The state’s top budget official has raised his estimate of the budget hole lawmakers will have to fill: The total shortfall is now $1.3 billion — more than one-third larger than previous estimates.
The new figure represents a 34 percent increase over the previous deficit estimate of $969 million and echoes the Senate Ways and Means Committee chairman’s outlook, which pegged the shortfall at $1.2 billion. Kalbert Young, director of the Department of Budget and Finance, told Civil Beat, that Gov. Neil Abercrombie’s administration is “being prudent” by assuming a negative 2 percent growth in tax revenues for the year ending June 30.
That differs from the Council on Revenues‘ March 10 forecast of positive 0.5 percent growth, which came out just hours before the devastating Japan earthquake and tsunami hit. At the council’s last meeting, chairman Paul Brewbaker noted that the projection assumes a range of +/- 2 percent.
Young’s new estimate creates sticky situation for lawmakers. By statute, legislators have to base their budget on the Council on Revenues’ projections. The council, which normally meets quarterly, will hold a March 29 to reconsider its forecast at the request of Gov.
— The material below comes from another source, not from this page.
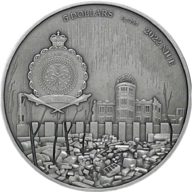 На аверсе монеты изображен разрушенный город. На аверсе также изображен герб Ниуэ и надписи: «2022» — год выпуска, «NIUE» — страна выпуска, «5 DOLLARS» — номинал и «Ag 999» — проба монеты. Серебро.

Neil Abercrombie.
“The $1.3 billion deficit is based on a revenue trajectory of (minus) 2.0 percent,” Young told Civil Beat via email on Thursday. “The administration is being prudent in examining what degrees of adaptation is necessary should the actual rate of revenue growth be somewhat less than the Council’s specific growth number.”
Based on the Abercrombie administration’s estimate of negative 2 percent growth in the current fiscal year, Young said the shortfall breaks down to:
Fiscal Year | Shortfall |
---|---|
2011 | $232 million |
2012 | $556 million |
2013 | $515 million |
Total | $1.3 billion |
Young said he thinks the 0.5 percent growth estimate is too optimistic.
“In order to achieve a 0.5 percent rate of growth, the State would have to collect greater than approximately $405 million in each month of the last four months of this fiscal year,” Young said. “Looking back at the rate of collections for the last 15 years for the State, the State has not collected (more than) $400 million in more than two consecutive months. Furthermore, looking at the rate of revenue receipts for the last four months of the previous fiscal year (FY10) when the State withheld tax return payments, even then, the average monthly revenue rate in each of the last four months was only approximately $389 million.”
The Senate Ways and Means committee will hold its first on the state budget Monday, using as the starting point. That version calls for $10.98 billion in spending in fiscal 2012 and $10.97 billion in fiscal 2013.
Sen. David Ige, chair of Ways and Means, also has said he thinks the Council on Revenues’ forecast is too optimistic. Ige told Civil Beat last week he predicts the deficit will top $1.2 billion, triggering even more spending cuts and potentially bigger tax hikes.